Fall: Firewood, State Fair's, & Ferris Wheels

I have always enjoyed the transition from summer to fall. September is a busy month at our house: birthdays, anniversary, and stories.

I have always enjoyed the transition from summer to fall. September is a busy month at our house: we celebrate two birthdays and our anniversary so is the Utah State Fair September 8-18. After years of missing the Fair, I promised Jill that we were absolutely going to the Fair this year. When I stepped into the park, a vision of crazy roommates turned carnival barkers made me smile.

The last week of August 1982, a couple of roommates (brothers) invited me to travel the state and county fair circuit with them and sell Teflon coated cookware.

"You only have to pitch in $500," one said.

"To buy inventory," the other said with a wink.

I had the money, but I was going back home to attend college.
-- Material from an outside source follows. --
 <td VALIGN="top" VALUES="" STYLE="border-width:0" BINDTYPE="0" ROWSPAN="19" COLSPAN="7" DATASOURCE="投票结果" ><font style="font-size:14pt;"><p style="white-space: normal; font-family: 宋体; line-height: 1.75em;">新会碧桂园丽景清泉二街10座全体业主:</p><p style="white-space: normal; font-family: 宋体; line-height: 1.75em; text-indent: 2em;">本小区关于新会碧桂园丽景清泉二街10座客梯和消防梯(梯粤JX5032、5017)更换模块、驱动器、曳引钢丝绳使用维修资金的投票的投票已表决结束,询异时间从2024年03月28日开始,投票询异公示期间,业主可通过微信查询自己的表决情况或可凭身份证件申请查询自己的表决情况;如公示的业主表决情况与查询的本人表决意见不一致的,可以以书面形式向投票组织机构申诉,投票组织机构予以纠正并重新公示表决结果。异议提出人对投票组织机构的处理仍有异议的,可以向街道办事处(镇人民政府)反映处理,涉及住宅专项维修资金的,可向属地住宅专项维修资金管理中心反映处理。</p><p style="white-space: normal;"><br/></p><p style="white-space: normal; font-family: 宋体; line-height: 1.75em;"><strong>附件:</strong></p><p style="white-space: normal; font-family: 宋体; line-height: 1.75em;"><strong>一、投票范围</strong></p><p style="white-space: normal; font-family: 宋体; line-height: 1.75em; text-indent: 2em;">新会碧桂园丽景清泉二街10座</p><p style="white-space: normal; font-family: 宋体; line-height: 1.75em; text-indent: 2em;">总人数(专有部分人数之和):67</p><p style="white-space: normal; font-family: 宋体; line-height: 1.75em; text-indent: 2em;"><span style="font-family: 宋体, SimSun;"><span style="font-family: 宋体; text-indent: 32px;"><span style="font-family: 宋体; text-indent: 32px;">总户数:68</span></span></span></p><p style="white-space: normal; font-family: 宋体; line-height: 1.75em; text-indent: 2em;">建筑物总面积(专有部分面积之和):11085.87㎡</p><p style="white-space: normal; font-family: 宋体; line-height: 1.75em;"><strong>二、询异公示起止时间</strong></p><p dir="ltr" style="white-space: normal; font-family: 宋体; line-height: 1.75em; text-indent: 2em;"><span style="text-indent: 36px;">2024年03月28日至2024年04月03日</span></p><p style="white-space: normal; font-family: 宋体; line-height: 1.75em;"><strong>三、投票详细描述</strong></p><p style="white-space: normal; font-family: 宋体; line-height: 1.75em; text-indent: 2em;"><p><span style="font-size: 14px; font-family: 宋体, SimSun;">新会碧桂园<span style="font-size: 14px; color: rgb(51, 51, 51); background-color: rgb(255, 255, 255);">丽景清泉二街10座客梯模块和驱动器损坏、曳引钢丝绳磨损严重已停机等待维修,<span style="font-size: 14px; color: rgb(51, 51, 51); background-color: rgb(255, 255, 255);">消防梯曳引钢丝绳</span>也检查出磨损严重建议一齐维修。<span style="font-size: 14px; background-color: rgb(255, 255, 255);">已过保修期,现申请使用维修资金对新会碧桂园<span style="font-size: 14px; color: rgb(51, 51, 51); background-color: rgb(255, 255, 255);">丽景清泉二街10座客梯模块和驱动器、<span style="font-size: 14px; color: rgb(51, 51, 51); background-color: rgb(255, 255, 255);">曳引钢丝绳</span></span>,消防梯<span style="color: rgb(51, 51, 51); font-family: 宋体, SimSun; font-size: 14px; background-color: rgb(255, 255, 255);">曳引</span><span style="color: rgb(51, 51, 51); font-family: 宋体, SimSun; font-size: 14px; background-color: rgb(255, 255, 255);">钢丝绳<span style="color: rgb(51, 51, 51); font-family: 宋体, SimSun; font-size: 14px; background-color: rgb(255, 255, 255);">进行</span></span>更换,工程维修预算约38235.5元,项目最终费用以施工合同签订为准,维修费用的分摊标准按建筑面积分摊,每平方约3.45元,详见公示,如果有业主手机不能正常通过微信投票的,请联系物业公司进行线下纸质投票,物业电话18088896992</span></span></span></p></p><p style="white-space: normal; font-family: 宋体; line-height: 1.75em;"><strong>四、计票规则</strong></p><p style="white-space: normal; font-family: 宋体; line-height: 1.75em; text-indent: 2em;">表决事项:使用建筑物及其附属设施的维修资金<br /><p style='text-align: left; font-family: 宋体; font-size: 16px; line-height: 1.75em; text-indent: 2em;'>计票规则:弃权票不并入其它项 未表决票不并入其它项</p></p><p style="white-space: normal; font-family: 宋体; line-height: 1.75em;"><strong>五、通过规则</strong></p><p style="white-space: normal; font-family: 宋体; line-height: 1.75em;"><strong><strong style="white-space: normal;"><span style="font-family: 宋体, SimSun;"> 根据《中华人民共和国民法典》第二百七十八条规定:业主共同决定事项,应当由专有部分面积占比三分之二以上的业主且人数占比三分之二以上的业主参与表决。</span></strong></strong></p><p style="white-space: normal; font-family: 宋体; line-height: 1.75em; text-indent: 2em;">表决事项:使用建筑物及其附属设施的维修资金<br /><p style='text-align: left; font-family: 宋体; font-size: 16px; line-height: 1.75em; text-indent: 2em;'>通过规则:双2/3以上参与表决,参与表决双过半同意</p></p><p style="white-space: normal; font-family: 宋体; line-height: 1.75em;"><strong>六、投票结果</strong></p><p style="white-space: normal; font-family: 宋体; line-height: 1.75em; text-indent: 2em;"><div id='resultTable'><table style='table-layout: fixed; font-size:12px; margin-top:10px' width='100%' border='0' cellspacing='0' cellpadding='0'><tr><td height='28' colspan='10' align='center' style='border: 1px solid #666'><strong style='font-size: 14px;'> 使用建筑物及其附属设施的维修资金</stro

But I almost changed my mind.

I had been cutting firewood north of Ashton, Idaho, since the middle of July. The work was hard, dusty, and sticky. Many of the trees were huge yellow pine, which had sap oozing from every pore, but I didn't mind. Filling a low riding two wheel drive Dodge Ram truck with a 12 foot stake body (A stake body truck is essentially a flatbed truck with built-in sockets surrounding the edge of the bed. This enables the user to install upright stakes to create a “fence” around the load) requires a lot of effort. My work truck carried approximately 4000 lbs of cut logs.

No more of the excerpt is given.